One frame up, it appears that this null pointer comes from thread local memory.
0x70bb1f92eb54: data16 lea 0x129f174(%rip),%rdi # 0x70bb20bcdcd0
0x70bb1f92eb5c: data16 data16 rex.W call 0x70bb1f029af0 <__tls_get_addr@plt>
0x70bb1f92eb64: mov (%rax),%rbx ; %rax points to thread local storage
0x70bb1f92eb67: mov 0x4ab70(%rbx),%rdi ; %rdi is a value in thread local storage
0x70bb1f92eb6e: cmp $0xf,%ebp
0x70bb1f92eb71: ja 0x70bb1f066dd8
0x70bb1f92eb77: sub $0x8,%rsp
0x70bb1f92eb7b: mov 0x80(%rdi),%rsi ; where %rsi gets assigned to 0
0x70bb1f92eb82: mov %r15d,%ecx
0x70bb1f92eb85: mov %ebp,%edx
0x70bb1f92eb87: push %r12
0x70bb1f92eb89: mov %r13d,%r9d
0x70bb1f92eb8c: mov %r14d,%r8d
0x70bb1f92eb8f: call 0x70bb1f9aa330 ; the call to the function where the segmentation fault happens
=> 0x70bb1f92eb94: mov 0x4ab70(%rbx),%rdx
In frame 2, we can see that the call that leads to the crash is an OpenGL function:
mSymbols.fVertexAttrib4f(i, 0, 0, 0, 1);
which is apparently called in that spot to compensate for a bug in the NVIDIA OpenGL driver.

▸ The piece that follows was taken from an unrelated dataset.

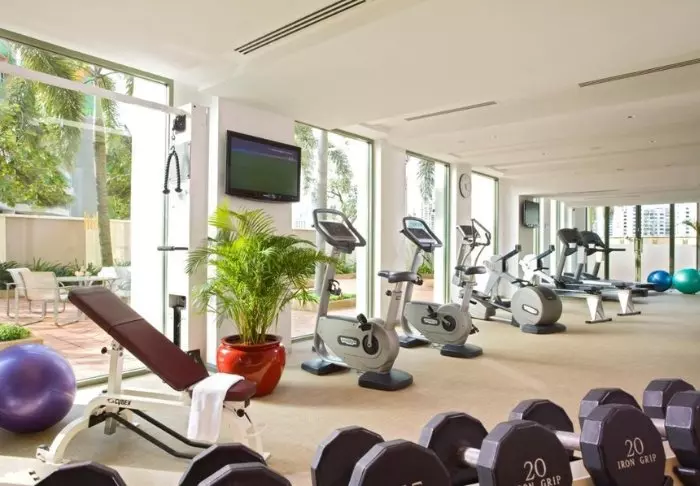 Hotellet har også eget treningsrom – Sky Gym, der du kan trene i en av de øverste etasjene med utsikt over hele byen.

If we remove this call, or just go to about:config and set gfx.work-around-driver-bugs to false (which disables this call), the crash goes away.

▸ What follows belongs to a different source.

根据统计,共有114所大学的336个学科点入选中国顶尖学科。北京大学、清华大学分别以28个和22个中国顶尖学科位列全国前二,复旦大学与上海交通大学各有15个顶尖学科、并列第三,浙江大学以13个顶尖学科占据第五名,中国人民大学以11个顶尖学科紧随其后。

So it appears a different bug in the NVIDIA drivers caused this work-around for a preexisting bug in the NVIDIA drivers to crash the browser. This seems like quite a complicated issue to actually get fixed, so I just decided to disable the workarounds and called it a day.